So I decided to go with OpenSolid as it is a very nice library and has a
lot of features.
Great! Let me know if you run into anything. There are definitely lots of
places where the implementation could be made more efficient - to start I
implemented everything in the cleanest/simplest way I could think of, but
over time I'm planning to go back and do some optimizations to avoid
unnecessary object allocations and function calls. I've already done this
in a few places, but if you do run into any performance bottlenecks let me
know so I know where to focus next. (Apologies for the late reply, I was at
a conference for the last couple of days...)
Post by 'Rupert Smith' via Elm Discuss
I also cloned OpenSolid/svg and made a version that renders to
elm-community/typed-svg. Once I have finished converting the docs, tests
and examples you might like to clone it back again and publish it under
OpenSolid/typed-svg? I'll let you know once I get to that stage anyway.

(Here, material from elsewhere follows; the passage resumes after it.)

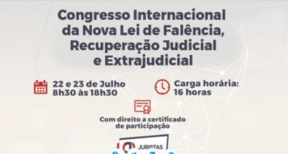 A primeira edição do “Congresso Internacional da Nova Lei de Falência, Recuperação Judicial e Extrajudicial” tem início, nesta quinta-feira (22), com transmissão pelo canal do Portal Juristas no YouTube. O evento, promovido pela Juristas Academy, acontece até a sexta-feira (23), com uma programação diversificada, que visa discutir temáticas relacionadas ao sistema de insolvência empresarial.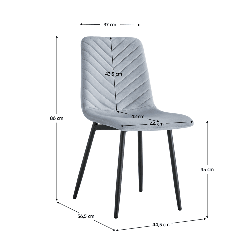 Material: ţesătură Velvet / metal Rezistenţa ţesăturii conform testului Martindale: 80.000 de cicluri de frecare Culoare: gri / neagră Dimensiuni (LxAxÎ): 44,5×56,5×86 cm Înălţimea scaunului: 46 cm Adâncime scaun: 42 cm Lăţime scaun: 44 cm Înălţime spătar: 43,5 cm Lăţime spătar: 37 cm Capacitate de încărcare: 110 kg De design Cusături decorative Livrat dezasamblat

I confess I'm still not sure exactly why a separate typed-svg version is
necessary...since the TypedSvg.Core.Svg and TypedSvg.Core.Attribute are
still just aliases for VirtualDom.Node and VirtualDom.Property respectively
(instead of being new opaque types or something), you can already mix
typed-svg and opensolid/svg elements/attributes freely without any kind of
conversion or anything - see https://ellie-app.com/39pwNnwDzcqa1/2 for an
example. To me the only difference is that a typed-svg version of
opensolid/svg would depend on elm-community/typed-svg instead of
elm-lang/svg and the internal implementation would be slightly different -
but the exposed APIs would have exactly the same types. Am I missing
something?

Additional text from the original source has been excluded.